Brief => A faithful copy of the entries is needed, one that leaves out the pictures.

——

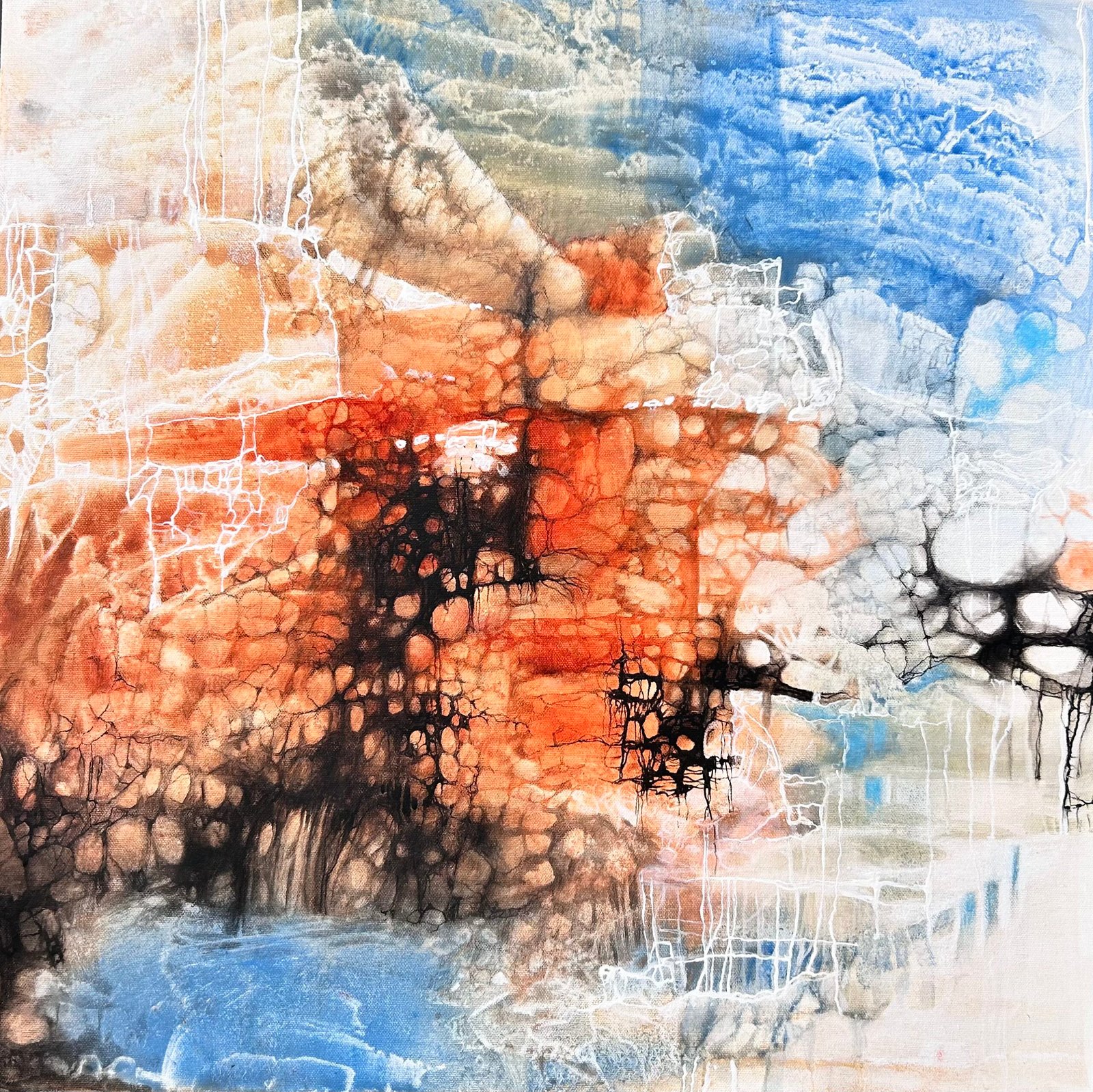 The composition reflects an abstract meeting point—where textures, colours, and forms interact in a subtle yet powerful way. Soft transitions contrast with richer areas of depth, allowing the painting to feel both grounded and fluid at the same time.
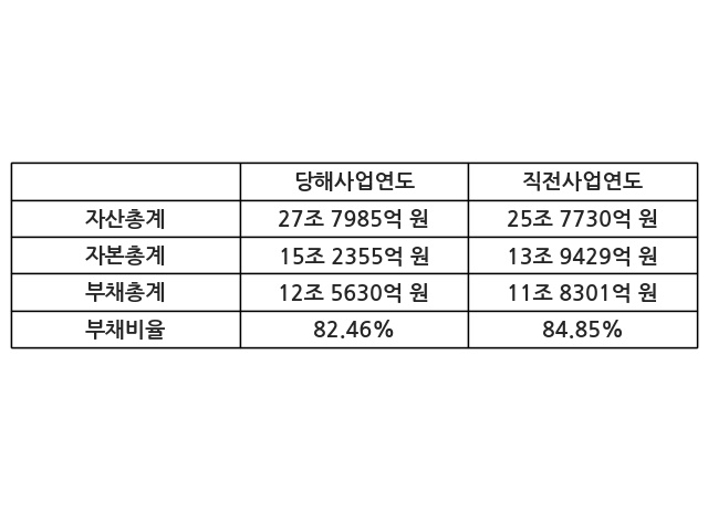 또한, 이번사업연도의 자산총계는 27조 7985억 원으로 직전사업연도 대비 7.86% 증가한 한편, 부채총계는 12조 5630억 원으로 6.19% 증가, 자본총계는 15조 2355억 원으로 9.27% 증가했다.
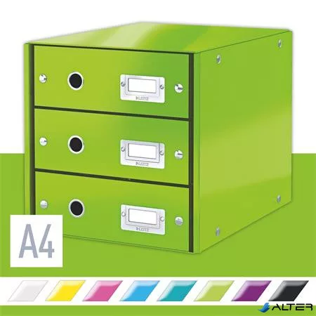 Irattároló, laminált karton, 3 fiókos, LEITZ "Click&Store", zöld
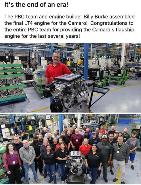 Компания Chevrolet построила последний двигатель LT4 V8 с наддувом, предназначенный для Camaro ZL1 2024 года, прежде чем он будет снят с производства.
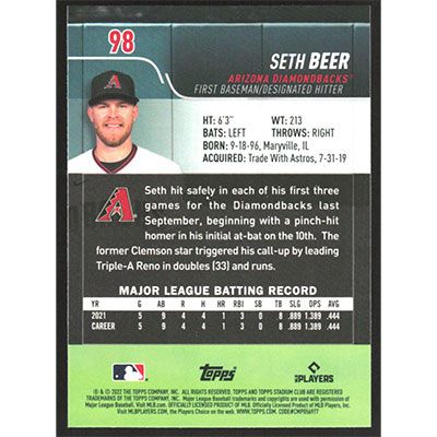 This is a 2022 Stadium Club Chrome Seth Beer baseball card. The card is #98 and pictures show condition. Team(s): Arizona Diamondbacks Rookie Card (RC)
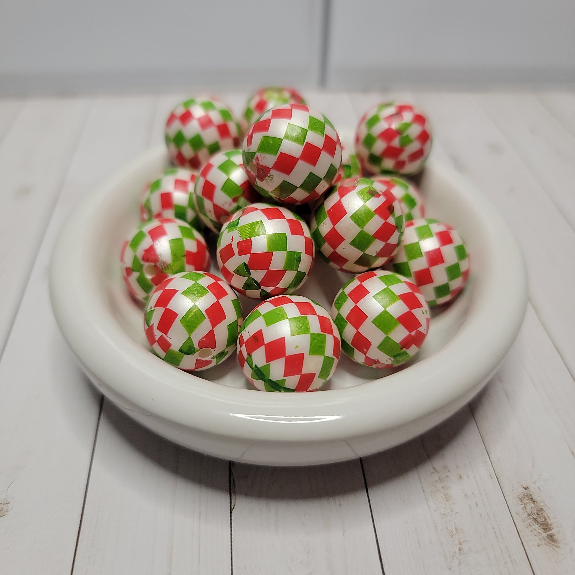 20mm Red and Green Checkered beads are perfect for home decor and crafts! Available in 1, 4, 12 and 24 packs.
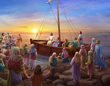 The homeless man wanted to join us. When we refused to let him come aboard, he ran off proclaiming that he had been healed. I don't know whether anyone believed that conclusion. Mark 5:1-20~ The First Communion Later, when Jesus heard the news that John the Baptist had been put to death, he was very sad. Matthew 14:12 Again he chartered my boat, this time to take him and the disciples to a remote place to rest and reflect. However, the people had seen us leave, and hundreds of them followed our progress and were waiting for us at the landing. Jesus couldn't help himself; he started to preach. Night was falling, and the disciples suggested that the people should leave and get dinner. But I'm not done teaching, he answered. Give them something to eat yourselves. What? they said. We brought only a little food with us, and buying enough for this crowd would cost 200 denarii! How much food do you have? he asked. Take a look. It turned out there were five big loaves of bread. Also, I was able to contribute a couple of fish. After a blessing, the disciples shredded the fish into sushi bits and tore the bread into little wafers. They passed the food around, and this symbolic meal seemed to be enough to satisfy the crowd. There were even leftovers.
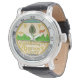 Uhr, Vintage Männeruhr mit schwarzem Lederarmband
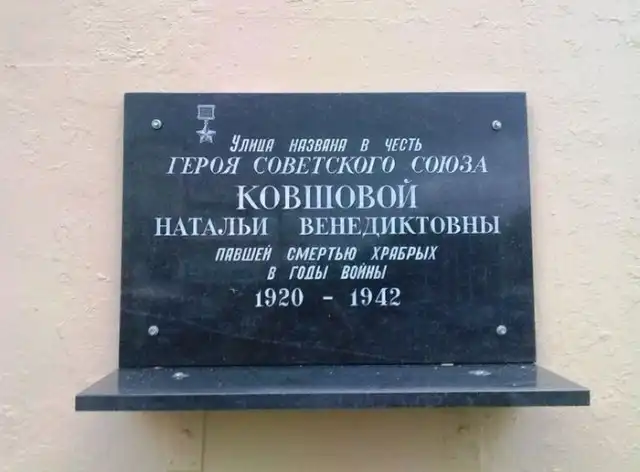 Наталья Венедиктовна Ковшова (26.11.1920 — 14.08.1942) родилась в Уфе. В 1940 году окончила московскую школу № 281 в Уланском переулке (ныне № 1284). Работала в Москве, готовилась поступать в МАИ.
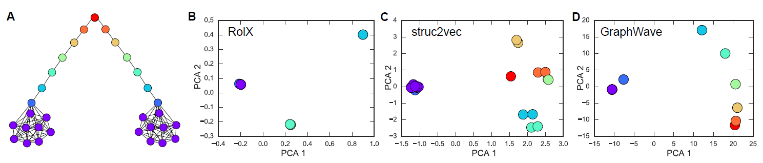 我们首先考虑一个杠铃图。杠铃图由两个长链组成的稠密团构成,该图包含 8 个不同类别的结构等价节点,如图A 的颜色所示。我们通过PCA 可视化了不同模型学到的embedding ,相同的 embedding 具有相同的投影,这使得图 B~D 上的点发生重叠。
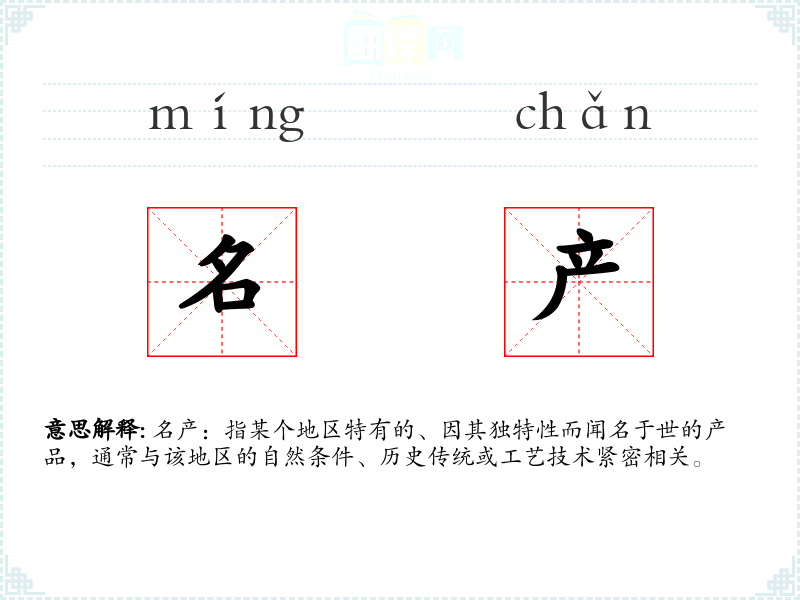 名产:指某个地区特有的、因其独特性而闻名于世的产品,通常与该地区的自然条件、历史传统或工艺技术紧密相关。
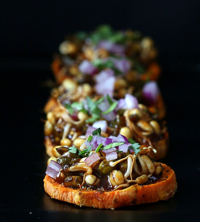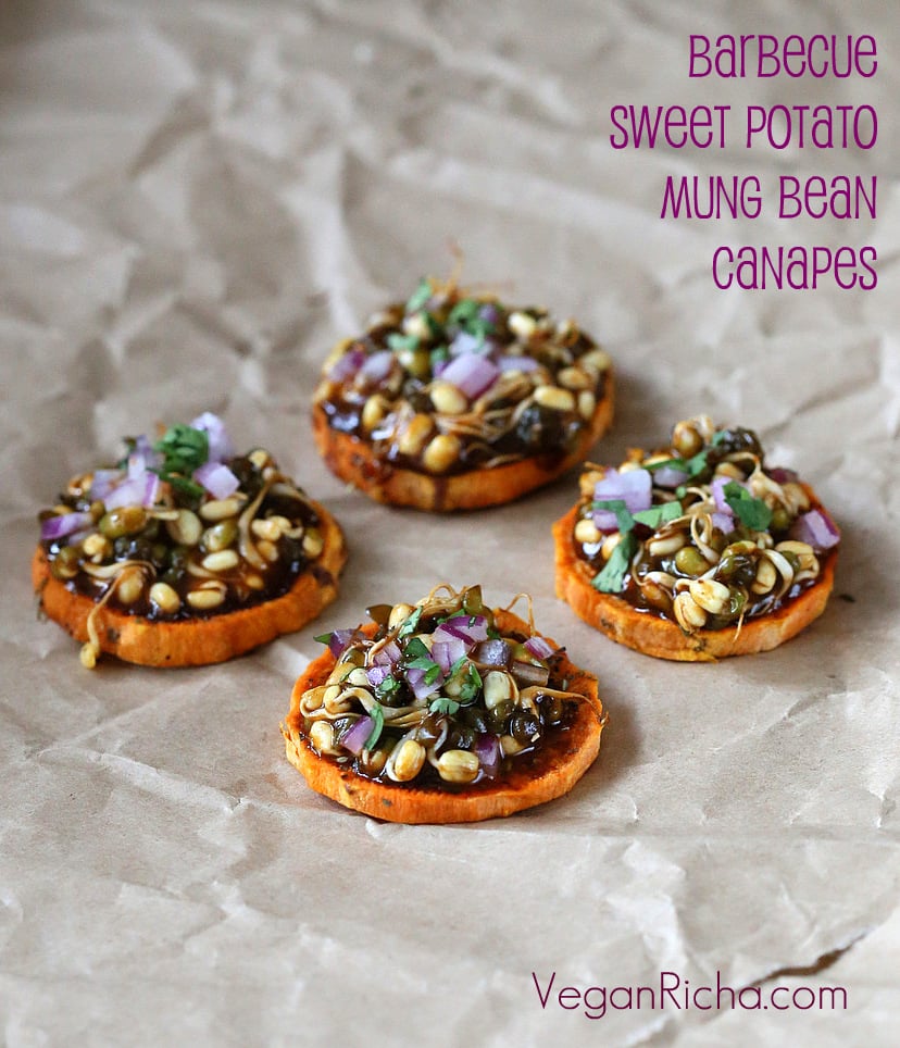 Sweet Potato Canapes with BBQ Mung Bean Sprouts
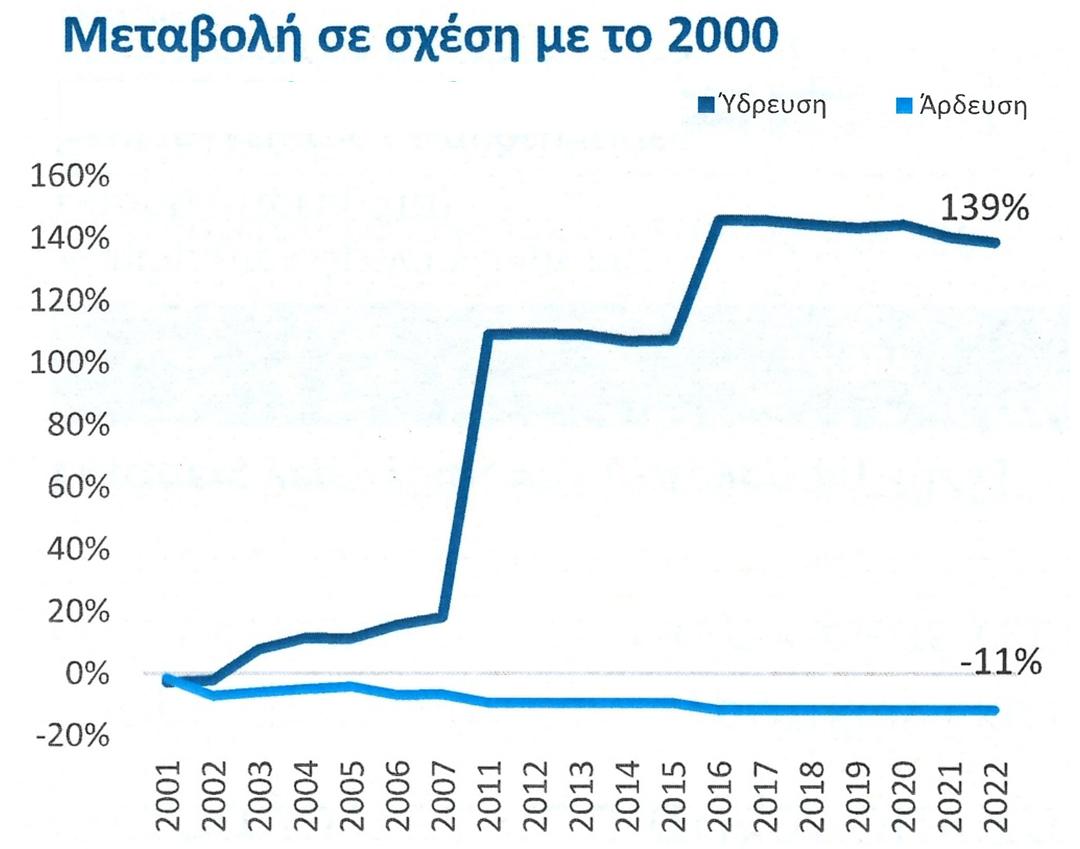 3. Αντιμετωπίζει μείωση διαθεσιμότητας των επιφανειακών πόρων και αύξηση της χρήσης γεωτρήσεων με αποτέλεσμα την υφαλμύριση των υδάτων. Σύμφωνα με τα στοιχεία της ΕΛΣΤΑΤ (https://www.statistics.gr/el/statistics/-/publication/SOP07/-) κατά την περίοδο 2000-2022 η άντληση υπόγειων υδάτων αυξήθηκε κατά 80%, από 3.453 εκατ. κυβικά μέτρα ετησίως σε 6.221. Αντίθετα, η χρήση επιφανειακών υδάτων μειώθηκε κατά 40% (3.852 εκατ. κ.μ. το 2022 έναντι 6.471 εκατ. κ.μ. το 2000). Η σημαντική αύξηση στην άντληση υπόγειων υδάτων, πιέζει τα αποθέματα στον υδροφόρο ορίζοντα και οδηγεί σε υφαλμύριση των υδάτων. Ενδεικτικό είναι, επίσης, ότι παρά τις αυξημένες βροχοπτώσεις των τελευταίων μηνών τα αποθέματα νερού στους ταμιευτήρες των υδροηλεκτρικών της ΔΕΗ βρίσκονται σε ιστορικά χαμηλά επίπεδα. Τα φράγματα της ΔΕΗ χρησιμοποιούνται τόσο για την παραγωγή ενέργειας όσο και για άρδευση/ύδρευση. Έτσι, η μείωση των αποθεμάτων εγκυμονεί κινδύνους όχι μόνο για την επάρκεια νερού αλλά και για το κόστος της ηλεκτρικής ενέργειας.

——

Result of the exercise =>
 The composition reflects an abstract meeting point—where textures, colours, and forms interact in a subtle yet powerful way. Soft transitions contrast with richer areas of depth, allowing the painting to feel both grounded and fluid at the same time.
 또한, 이번사업연도의 자산총계는 27조 7985억 원으로 직전사업연도 대비 7.86% 증가한 한편, 부채총계는 12조 5630억 원으로 6.19% 증가, 자본총계는 15조 2355억 원으로 9.27% 증가했다.
 Irattároló, laminált karton, 3 fiókos, LEITZ "Click&Store", zöld
 Компания Chevrolet построила последний двигатель LT4 V8 с наддувом, предназначенный для Camaro ZL1 2024 года, прежде чем он будет снят с производства.
 This is a 2022 Stadium Club Chrome Seth Beer baseball card. The card is #98 and pictures show condition. Team(s): Arizona Diamondbacks Rookie Card (RC)
 20mm Red and Green Checkered beads are perfect for home decor and crafts! Available in 1, 4, 12 and 24 packs.
 The homeless man wanted to join us. When we refused to let him come aboard, he ran off proclaiming that he had been healed. I don't know whether anyone believed that conclusion. Mark 5:1-20~ The First Communion Later, when Jesus heard the news that John the Baptist had been put to death, he was very sad. Matthew 14:12 Again he chartered my boat, this time to take him and the disciples to a remote place to rest and reflect. However, the people had seen us leave, and hundreds of them followed our progress and were waiting for us at the landing. Jesus couldn't help himself; he started to preach. Night was falling, and the disciples suggested that the people should leave and get dinner. But I'm not done teaching, he answered. Give them something to eat yourselves. What? they said. We brought only a little food with us, and buying enough for this crowd would cost 200 denarii! How much food do you have? he asked. Take a look. It turned out there were five big loaves of bread. Also, I was able to contribute a couple of fish. After a blessing, the disciples shredded the fish into sushi bits and tore the bread into little wafers. They passed the food around, and this symbolic meal seemed to be enough to satisfy the crowd. There were even leftovers.
 Uhr, Vintage Männeruhr mit schwarzem Lederarmband
 Наталья Венедиктовна Ковшова (26.11.1920 — 14.08.1942) родилась в Уфе. В 1940 году окончила московскую школу № 281 в Уланском переулке (ныне № 1284). Работала в Москве, готовилась поступать в МАИ.
 我们首先考虑一个杠铃图。杠铃图由两个长链组成的稠密团构成,该图包含 8 个不同类别的结构等价节点,如图A 的颜色所示。我们通过PCA 可视化了不同模型学到的embedding ,相同的 embedding 具有相同的投影,这使得图 B~D 上的点发生重叠。
 名产:指某个地区特有的、因其独特性而闻名于世的产品,通常与该地区的自然条件、历史传统或工艺技术紧密相关。
 Sweet Potato Canapes with BBQ Mung Bean Sprouts
 3. Αντιμετωπίζει μείωση διαθεσιμότητας των επιφανειακών πόρων και αύξηση της χρήσης γεωτρήσεων με αποτέλεσμα την υφαλμύριση των υδάτων. Σύμφωνα με τα στοιχεία της ΕΛΣΤΑΤ (https://www.statistics.gr/el/statistics/-/publication/SOP07/-) κατά την περίοδο 2000-2022 η άντληση υπόγειων υδάτων αυξήθηκε κατά 80%, από 3.453 εκατ. κυβικά μέτρα ετησίως σε 6.221. Αντίθετα, η χρήση επιφανειακών υδάτων μειώθηκε κατά 40% (3.852 εκατ. κ.μ. το 2022 έναντι 6.471 εκατ. κ.μ. το 2000). Η σημαντική αύξηση στην άντληση υπόγειων υδάτων, πιέζει τα αποθέματα στον υδροφόρο ορίζοντα και οδηγεί σε υφαλμύριση των υδάτων. Ενδεικτικό είναι, επίσης, ότι παρά τις αυξημένες βροχοπτώσεις των τελευταίων μηνών τα αποθέματα νερού στους ταμιευτήρες των υδροηλεκτρικών της ΔΕΗ βρίσκονται σε ιστορικά χαμηλά επίπεδα. Τα φράγματα της ΔΕΗ χρησιμοποιούνται τόσο για την παραγωγή ενέργειας όσο και για άρδευση/ύδρευση. Έτσι, η μείωση των αποθεμάτων εγκυμονεί κινδύνους όχι μόνο για την επάρκεια νερού αλλά και για το κόστος της ηλεκτρικής ενέργειας.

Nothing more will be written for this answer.